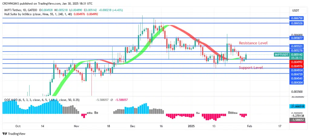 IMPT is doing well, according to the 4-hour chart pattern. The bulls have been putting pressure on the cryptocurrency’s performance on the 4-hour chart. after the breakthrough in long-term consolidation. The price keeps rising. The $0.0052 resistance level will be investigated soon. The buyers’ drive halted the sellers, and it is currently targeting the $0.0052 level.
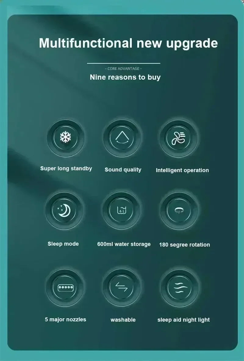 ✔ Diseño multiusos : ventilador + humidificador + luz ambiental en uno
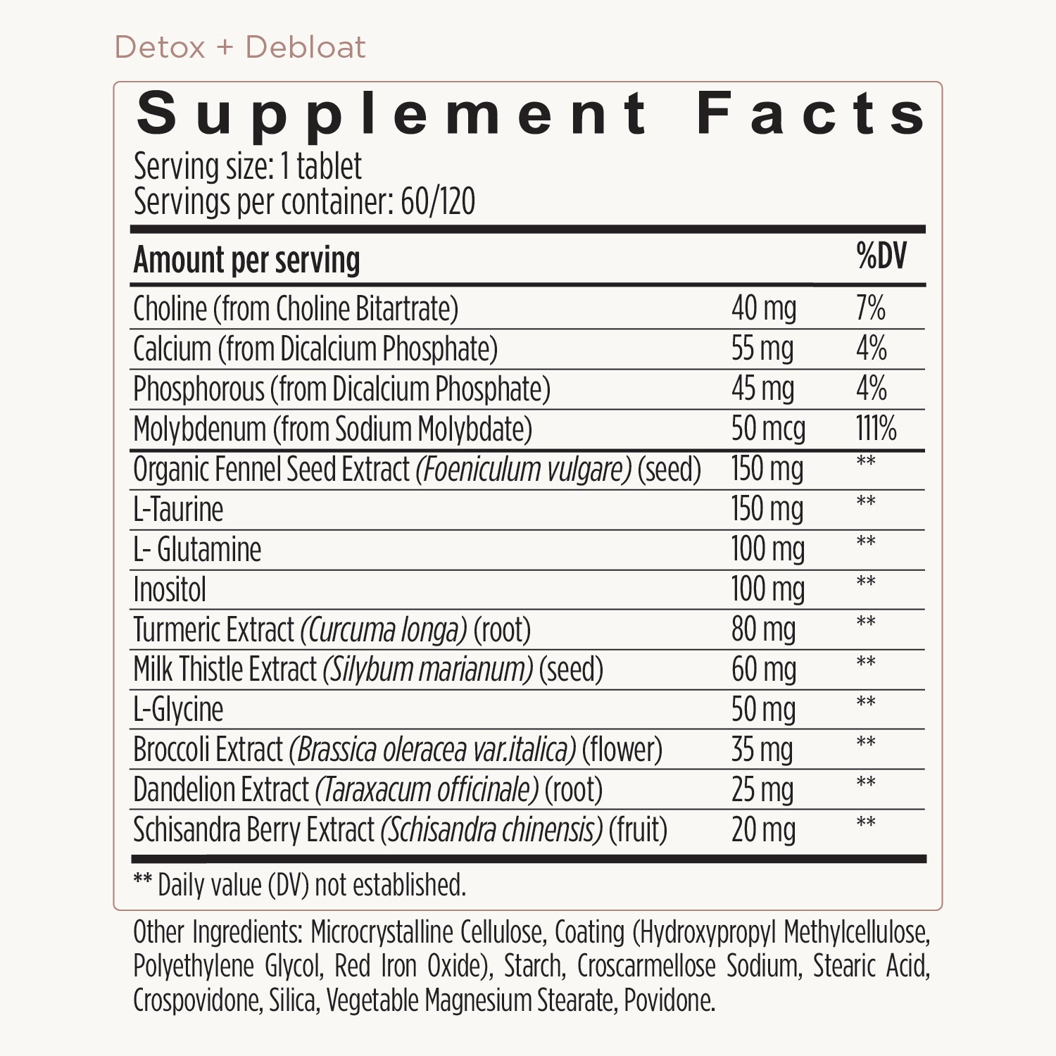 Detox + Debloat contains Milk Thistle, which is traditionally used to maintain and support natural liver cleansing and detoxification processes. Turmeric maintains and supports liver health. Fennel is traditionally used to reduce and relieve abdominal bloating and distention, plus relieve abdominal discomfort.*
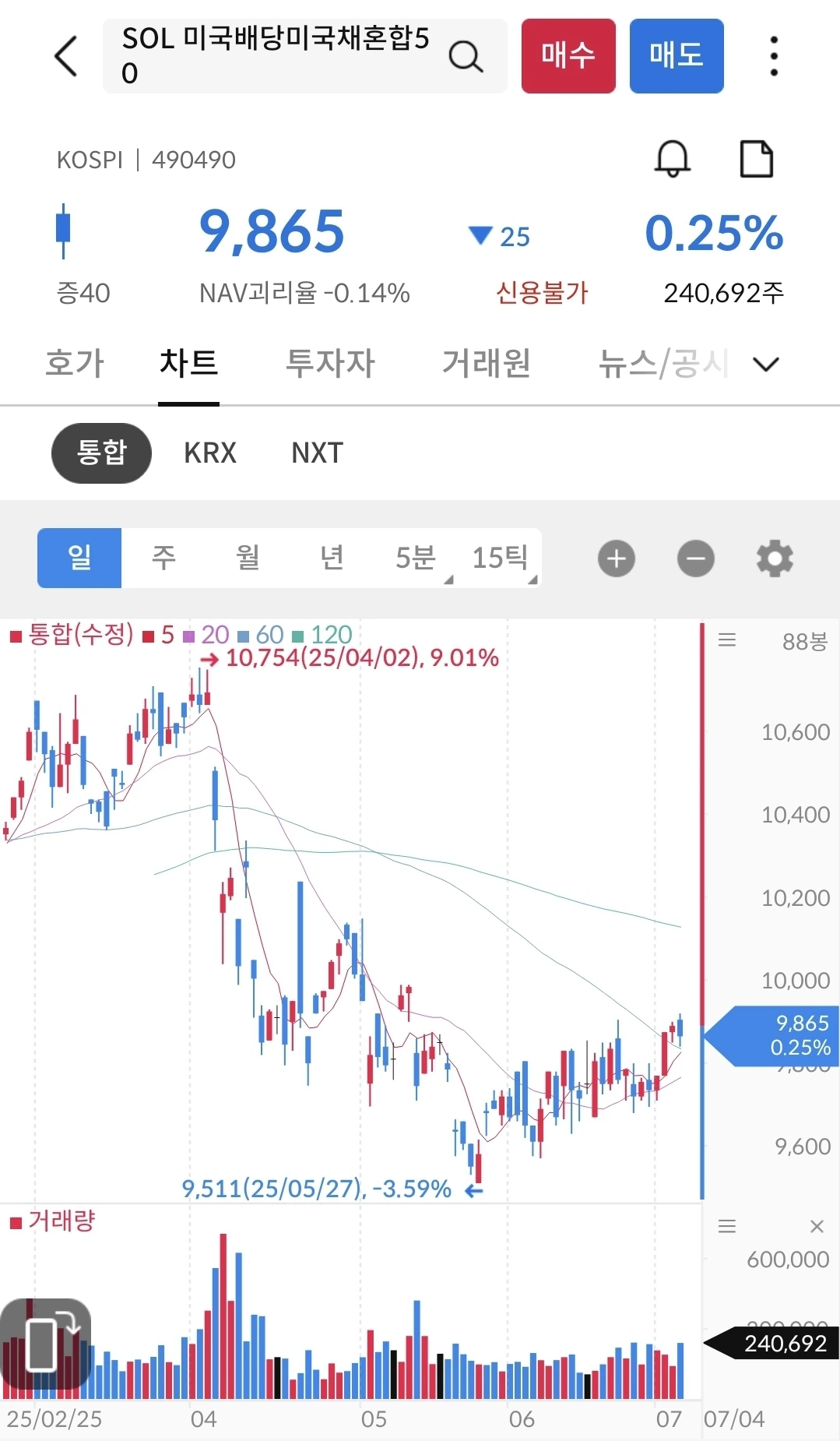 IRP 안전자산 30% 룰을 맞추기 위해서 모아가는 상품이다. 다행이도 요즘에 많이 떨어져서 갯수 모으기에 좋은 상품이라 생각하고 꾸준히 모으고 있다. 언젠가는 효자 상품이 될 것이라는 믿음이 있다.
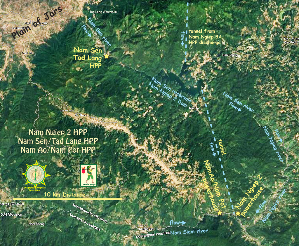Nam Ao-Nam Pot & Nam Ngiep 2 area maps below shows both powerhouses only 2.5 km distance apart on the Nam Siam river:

---

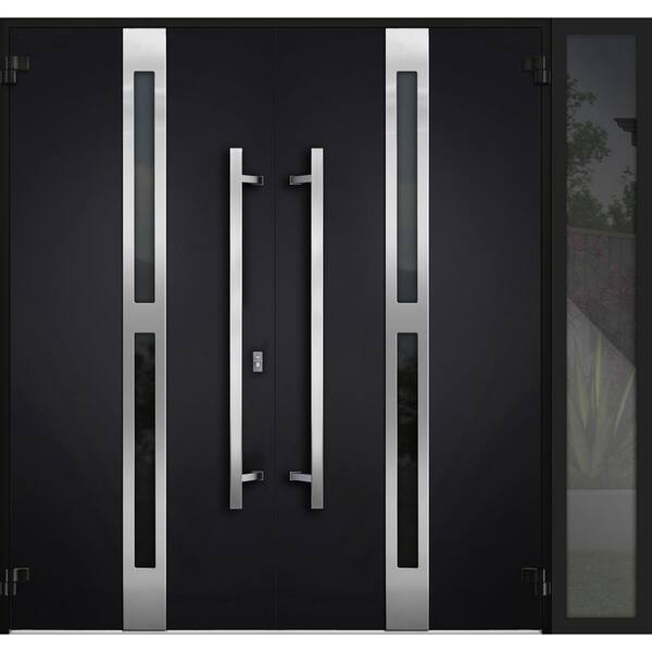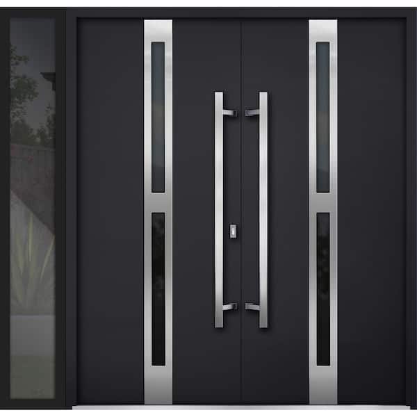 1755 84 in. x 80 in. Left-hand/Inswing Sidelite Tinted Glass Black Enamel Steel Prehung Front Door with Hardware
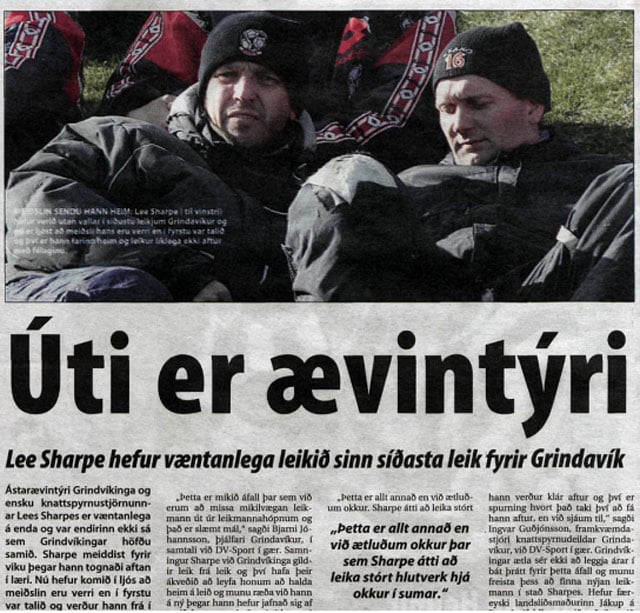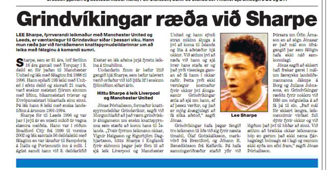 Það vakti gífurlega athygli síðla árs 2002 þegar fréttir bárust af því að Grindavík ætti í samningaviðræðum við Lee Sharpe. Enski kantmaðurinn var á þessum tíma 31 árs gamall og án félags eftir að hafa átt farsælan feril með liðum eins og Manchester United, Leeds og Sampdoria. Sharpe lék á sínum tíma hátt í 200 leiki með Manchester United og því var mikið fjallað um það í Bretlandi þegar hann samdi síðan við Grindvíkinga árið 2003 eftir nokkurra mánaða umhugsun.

Required action:
Set down again, word for word, every line from the one with "ambiental en uno" to the one with "Nam Ao-Nam Pot" in the entries above, and omit the pictures.

Response to this task:
 ✔ Diseño multiusos : ventilador + humidificador + luz ambiental en uno
 Detox + Debloat contains Milk Thistle, which is traditionally used to maintain and support natural liver cleansing and detoxification processes. Turmeric maintains and supports liver health. Fennel is traditionally used to reduce and relieve abdominal bloating and distention, plus relieve abdominal discomfort.*
 IRP 안전자산 30% 룰을 맞추기 위해서 모아가는 상품이다. 다행이도 요즘에 많이 떨어져서 갯수 모으기에 좋은 상품이라 생각하고 꾸준히 모으고 있다. 언젠가는 효자 상품이 될 것이라는 믿음이 있다.
Nam Ao-Nam Pot & Nam Ngiep 2 area maps below shows both powerhouses only 2.5 km distance apart on the Nam Siam river:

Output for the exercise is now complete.